An Advocate.com exclusive posted June 12, 2006
The trans catch-22

As a transsexual woman, I have a mental disorder. Or so says the current Diagnostic and Statistics Manual of Mental Disorders, Fourth Edition (DSM IV) of the American Psychiatric Association. My diagnosis code is 302.85--Gender Identity Disorder of Adolescence or Adulthood (GID).

Gay men and lesbians used to have a mental disorder too. That was true until homosexuality was removed from the DSM in 1973. Why am I still in the big book of mental disorders 33 years after you were removed?

It’s a very complicated matter, due in part to the existence of “The Standards of Care for Gender Identity Disorders” (SOC) of the Harry Benjamin International Gender Dysphoria Association (www.hbidga.org). HBIGDA, a group of medical doctors, psychologists, and other professionals, developed the SOC as a set of guidelines for diagnosing and treating people like me. The complication arises because the standards of care require that a person have a diagnosis of gender identity disorder as defined in the DSM IV in order to access treatment. Most ethical professionals in this and other countries use the SOC as a guide, so the DSM IV diagnosis is a necessary step on the road to transition.

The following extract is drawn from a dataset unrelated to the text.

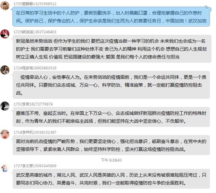 今年会jinnianhui辅导员刘思阳:在新型冠状病毒肆虐祖国大地之时,给我们的生活都蒙上了厚厚的阴影。但是,作为青年一代的我们,应该树立正确的人生观,价值观,把我们的祖国建设得更强大,这是我们每个人的使命,也是我们的责任。少年强则国强,少年独立则国独立,作为年轻一代,我们应不忘初心,牢记使命,迈着坚定的步伐,团结协作,共同打赢这场没有硝烟的战争!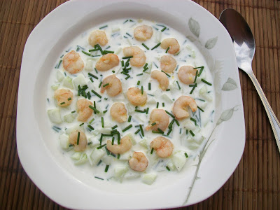 Zapraszam na kolejny orzeźwiający chłodniczek ogórkowy tym razem z dodatkiem awokado i podsmażonych krewetek. Idealny na upalne dni.

Specifically, the SOC recommend a minimum of three months of psychotherapy before the therapist will write a letter permitting access to hormones. During that time the therapist confirms that the patient has GID and not something else. Once passing that hurdle, the SOC recommend that the patient live in the perceived gender for at least a year before the therapist writes a letter granting access to sex reassignment surgery, and that letter must be countersigned by a psychiatrist or Ph.D. psychologist.

Think of the SOC as a box that pops up on the computer screen of life, saying, “Are you really, really sure you want to change your gender?” This irks a lot of transsexual people, many of whom have (or had) felt at odds with our sex from a young age. We point out that what little research has been done suggests the incongruity originated while we were being carried in our mothers’ wombs. Why is some costly “expert” required to confirm an uncomfortable reality that is not of our doing and that we’ve been living for all of these years? In the current social context, where gender difference is still seen as negative, a diagnosis of “mental illness” further stigmatizes transsexual people as sick and in need of a “cure” rather than equal civil rights.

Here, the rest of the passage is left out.